Church Street
- Location: Nashville, Tennessee
- East end: 1st Avenue North
- West end: 21st Avenue North

= Church Street (Nashville, Tennessee) =

Street in Nashville, Tennessee, United States

Church Street is a major thoroughfare in Nashville, Tennessee. It is home to several skyscrapers and buildings listed on the National Register of Historic Places.

==Location==
It runs from Downtown Nashville at 1st Avenue North off the Cumberland River all the way down to Midtown Nashville at 21st Avenue North. At 21st Avenue North, it becomes known as Elliston Place, until the corner of West End Avenue and Centennial Park, off the campus of Vanderbilt University.

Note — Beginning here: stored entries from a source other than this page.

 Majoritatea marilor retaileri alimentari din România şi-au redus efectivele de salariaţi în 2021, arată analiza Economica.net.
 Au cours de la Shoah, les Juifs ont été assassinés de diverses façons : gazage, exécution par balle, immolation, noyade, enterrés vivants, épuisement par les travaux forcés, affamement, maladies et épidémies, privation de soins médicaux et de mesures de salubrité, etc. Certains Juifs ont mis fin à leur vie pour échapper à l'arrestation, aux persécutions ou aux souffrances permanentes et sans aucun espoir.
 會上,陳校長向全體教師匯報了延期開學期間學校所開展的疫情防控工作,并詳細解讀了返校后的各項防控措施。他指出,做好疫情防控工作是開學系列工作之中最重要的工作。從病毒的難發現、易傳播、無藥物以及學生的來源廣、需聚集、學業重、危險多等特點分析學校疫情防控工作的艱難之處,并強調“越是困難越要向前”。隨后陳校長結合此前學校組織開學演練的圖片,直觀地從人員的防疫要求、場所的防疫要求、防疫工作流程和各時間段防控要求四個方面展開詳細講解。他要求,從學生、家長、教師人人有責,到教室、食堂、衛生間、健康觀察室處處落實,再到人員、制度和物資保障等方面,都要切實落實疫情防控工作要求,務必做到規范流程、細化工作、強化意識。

It is bisected by 1st Avenue North, 2nd Avenue North, 3rd Avenue North, Printers Alley, 4th Avenue North, 5th Avenue North, St Cloud Alley, 6th Avenue North, 7th Avenue North, U.S. Route 431, 9th Avenue North, 10th Avenue North, 11th Avenue North, 12th Avenue North, George L. Davis Boulevard, 14th Avenue North, 15th Avenue North, 16th Avenue North, 17th Avenue North, 18th Avenue North, 19th Avenue North, 20th Avenue North, 21st Avenue North.

==History and landmarks==
The Downtown Presbyterian Church, successor to the First Presbyterian Church which moved to the suburbs in the 1950s, is located on the corner of Church Street and 5th Avenue North. It was first built in 1816 and it burned down in 1832. The present church building was built in 1848.

The Cheatham Building, located at 301-309, is a historic building listed on the National Register of Historic Places.

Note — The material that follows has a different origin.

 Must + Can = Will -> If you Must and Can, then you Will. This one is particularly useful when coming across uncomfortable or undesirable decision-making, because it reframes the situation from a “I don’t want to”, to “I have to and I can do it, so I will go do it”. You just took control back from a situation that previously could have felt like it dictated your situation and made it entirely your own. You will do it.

The Life & Casualty Tower is a skyscraper located at 401 Church Street; it was built in 1957.

The Fifth Third Center, located at 424 Church Street, was constructed in 1986.

The McKendree United Methodist Church is located at 523 Church Street. It has been there since 1833. The funeral of James K. Polk (1795–1849), who served as the 11th President of the United States, was conducted by Rev. John Berry McFerrin (1807-1887) inside this church. The church building was burned down several times: in 1879 and in 1905. The current building was constructed in 1910.

A pocket park called Church Street Park is located at 600 Church Street.

On June 9, 2001, the main Nashville Public Library was dedicated at 615 Church Street, in a building designed by architect Robert A. M. Stern.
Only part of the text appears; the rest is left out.